Temperature: The standard system, manufactured predominantly from HDPE, is suitable for vessel working temperatures up to 160˚F (71˚C). For vessels operating at higher temperatures, components manufactured from stainless steel are available.
Retrofit Limitations: Most candidate vessels can be retrofit with online solids management systems by making use of existing drains and spare nozzles for water supply and solids-laden slurry removal. However, if such inlets are not available or are unsuitable, the cutting, welding, and certification of new vessel penetrations may be required.
Choke Wear: When a flowback spread is released before solids production has been minimized—as is the case when using an online solids management system to handle the remaining solids in the first stage separator—the wellhead choke and associated pipework are exposed to elevated solids and subject to increased wear. The cost of additional monitoring and maintenance in this area should be factored into the overall cost-benefit analysis but are generally low compared to the cost savings from early flowback spread release.
Conclusions and Industry Guidance
The back-production of solids from onshore wells, especially those completed with hydraulic fracture stimulation, is a persistent and costly challenge.
Flowback services deployed during the initial clean-up phase after a new well is turned in line are costly, and most wells will continue to produce solids after the flowback spread has been released.
Solids production is typically difficult to measure and intermittent in nature.
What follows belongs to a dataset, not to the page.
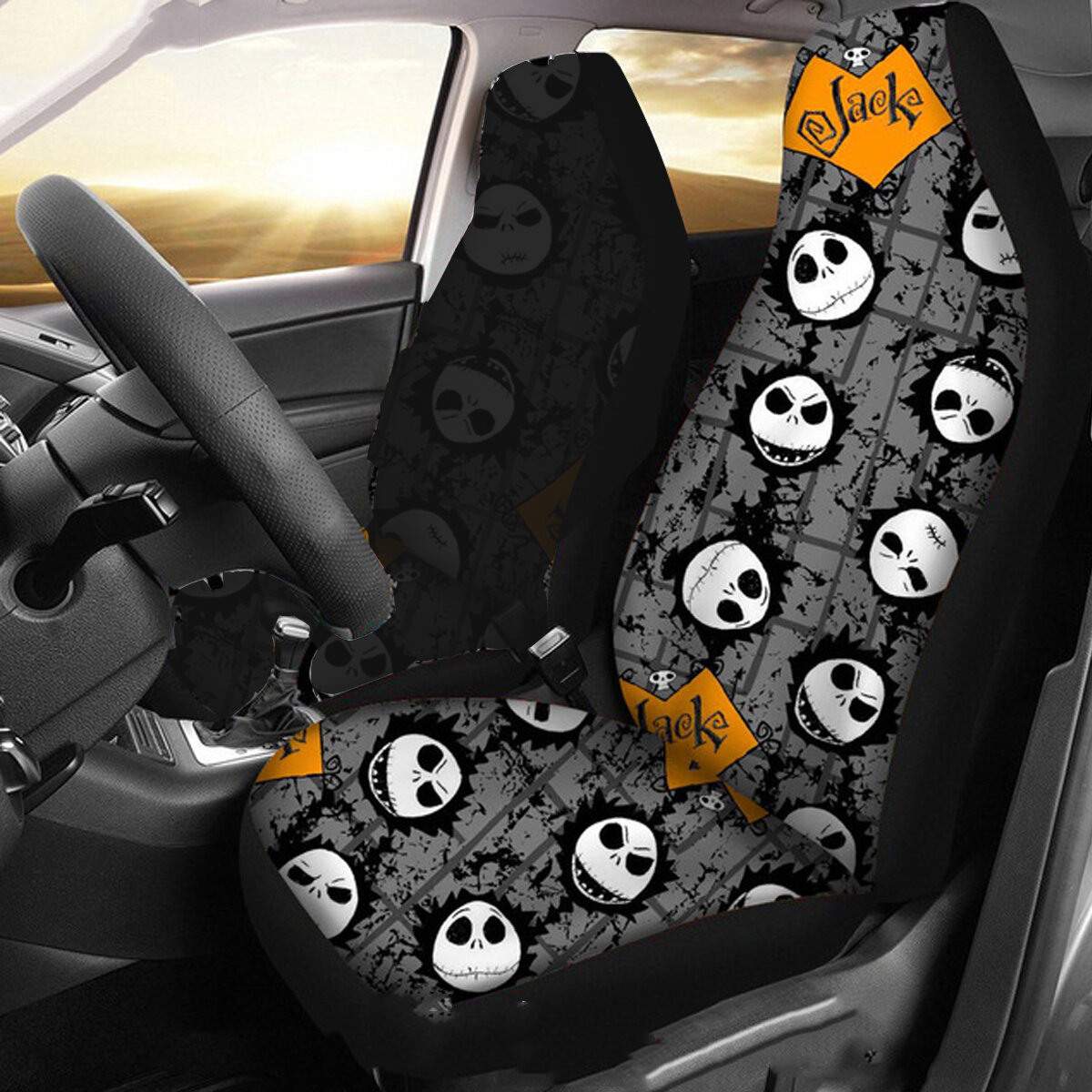 1/2Pcs Skull Printed Universal Car Front Seat Cover Auto Cushion Protector Mat – 1pc B

Some vessels will therefore experience minimal solids accumulation over long periods in service, while others rapidly fill up with solids.
Excessive solids accumulation leads to reduced separation performance and solids carry-over into the water leg, damaging downstream valves, pipework, and equipment, and contributing to solids accumulation in storage tanks. This can cause out-of-spec product, equipment failure, spills, and fugitive emissions.
The vessel and tank cleanouts that must be performed to avoid these undesirable consequences are inherently costly (both in terms of service fees and deferred production) and hazardous to crew and the environment.
A superior solution has been developed using vortex fluidizing units that effectively remove solids while the vessel or tank remains in service. This avoids the need for process interruption and hazardous cleanout operations while greatly reducing the risk of downstream equipment damage due to solids carry-over.
Such systems are cost-effective, often paying for themselves within weeks by facilitating the early release of flowback equipment. Subsequent online cleanout operations are significantly cheaper than traditional cleanouts that required shutting down and draining the vessel or tank.
With more than 150 such systems in operation, online solids management is fast becoming the “standard of care” for production systems across the Permian Basin, with deployment in other liquids-producing onshore basins beginning to follow suit.
Operators are encouraged to evaluate online solids management for inclusion in their basis for design of new well pad and production facilities, as well as for retrofitting to existing vessels and tanks that are experiencing solids accumulation.
For more information on Wolf Process Technology, go to WolfProcess.com.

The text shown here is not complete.